ReadWrite: Are you guys hungry for more big data partners in the future?
Todd Silverstein: We love the notion of partnering with others who have these massive data sets. Our passion is for visualization... and helping people understand or share that for themselves. And so when someone like Twitter who's all about the massive mountain of data reaches out, that's always really interesting to us. There are so many awesome visualizations we're itching to go build.
A year in cats and gadgets, apparently.
ReadWrite: Twitter isn't known for playing nice with third-party companies. Did you get that vibe working with them?

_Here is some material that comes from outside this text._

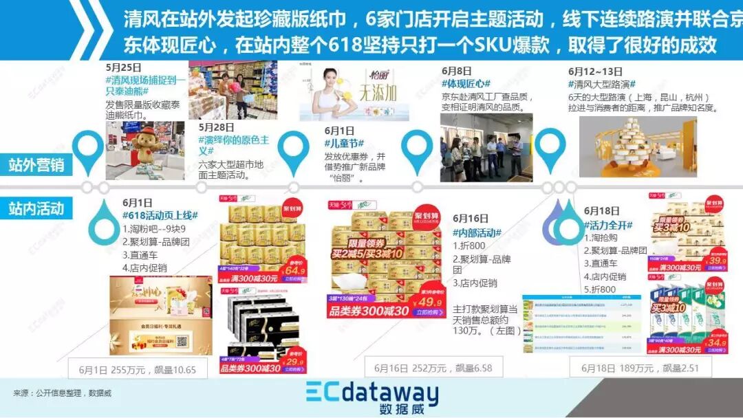 5月25日清風(fēng)牽手“泰迪熊”發(fā)售限量泰迪熊款限量紙巾,成功圈粉一波“泰迪”迷,5月28日在大型超市開(kāi)啟“原色主義”主題活動(dòng),6月1日在618活動(dòng)開(kāi)啟當天線(xiàn)上就通過(guò)搶占主要流量渠道,配合站外比如淘粉吧等活動(dòng)全面開(kāi)啟銷(xiāo)售高潮,將第一波銷(xiāo)售爆發(fā)定格在6月1日,銷(xiāo)售總額超過(guò)200萬(wàn)元,6月8日京東人員遠赴清風(fēng)工廠(chǎng),變相為清風(fēng)的“匠心”當了一次“公證人”,“清風(fēng)品質(zhì)”的可信度變得更高了,6月12日開(kāi)始的上海、昆山、杭州的大型路演,再次拉近了買(mǎi)家與品牌的距離,提高了品牌的知名度,站內站外電商渠道推廣也隨著(zhù)站外地面活動(dòng)連軸轉,聚劃算、淘搶購,折800等核心活動(dòng)“輪番轟炸”著(zhù)“剁手黨”們的購物神經(jīng),終于迎來(lái)了6月16~18日的銷(xiāo)售高潮,3天總銷(xiāo)額超500萬(wàn)。

Todd Silverstein: We felt exactly the opposite. We found it really easy to integrate with their API. Everyone we worked with at Twitter on this project was extraordinarily helpful. I think they were very encouraged by what we were doing... it was adding a new kind of value or a new dimension to what people were already doing.
No one owes you anything, and things change, and those are things that you need to respond and adapt to. We just understand that that just sort of comes with the the territory of working with other people's APIs - with big companies that have their goals and strategies. Hopefully you do something that's interesting enough to not find yourself in conflict.
ReadWrite: Do you think that the 2012 Year On Twitter undertaking dovetail with the Twitter Stories project - or the trend that Twitter wants to connect all of these little micro-moments into something more significant?
Todd Silverstein: I hope they do more of this in the future... they have the conversations. The data is there, it does tell a story - and it can be assembled.